Demonstration with inequalities

Demonstration with inequalities

I have these stated inequalities, true for all $i$.
$$\begin{align} |P_{i}+q_{i}|\leq \epsilon \tag{1} \end{align}$$
with $\epsilon > 0$ and I know that $$\begin{align} |P_{i}-P_{j}|\leq
\delta \tag{2} \end{align}$$
My problem is that by using (1) I want to show that (2) can be re-written in
$$|q_j-q_i|-2\epsilon \leq \delta$$
with $\delta > 0$. But I can't... I'm always blocked at the first step.
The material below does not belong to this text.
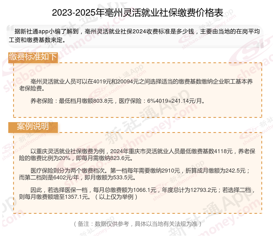 据新社通app数据显示,亳州灵活就业养老保险缴费基数2024-2025年最新标准如下:

$$\begin{align} |P_{i}-P_{j}|&\leq \delta \\
||P_{i}+q_i-q_i|-|P_{j}+q_j-q_j||&\leq \delta \\ ??
|||P_{i}+q_i|-|q_i||-||P_{j}+q_j|-|q_j|||&\leq \delta \quad??\\
\end{align}$$
or
$$\begin{align} |P_{i}-P_{j}|&\leq \delta \\
|(P_{i}+q_i)-(P_{j}+q_j)+(q_j-q_i)|&\leq \delta \\ \end{align}$$
but then what ? Since $-\epsilon\leq(P_{i}+q_i) \leq \epsilon$, can I
simply say that the expression here $(P_{i}+q_i)-(P_{j}+q_j)$ is at
maximum $2\epsilon$ and minimum $-2\epsilon$ and that that implies that
the result is evident ?
I'm not able to go further... I only used these triangular inequalities
$$\begin{align} |x+y|&\leq |x|+|y| \\ |x-y|&\geq ||x|-|y|| \end{align}$$
to get to my result. Should I use some other things because I don't see
anything? Is the fact that both $-1\leq P_i\leq 1$ and $-1\leq q_i \leq 1$
an important fact I could use ? Or maybe it's impossible to prove it?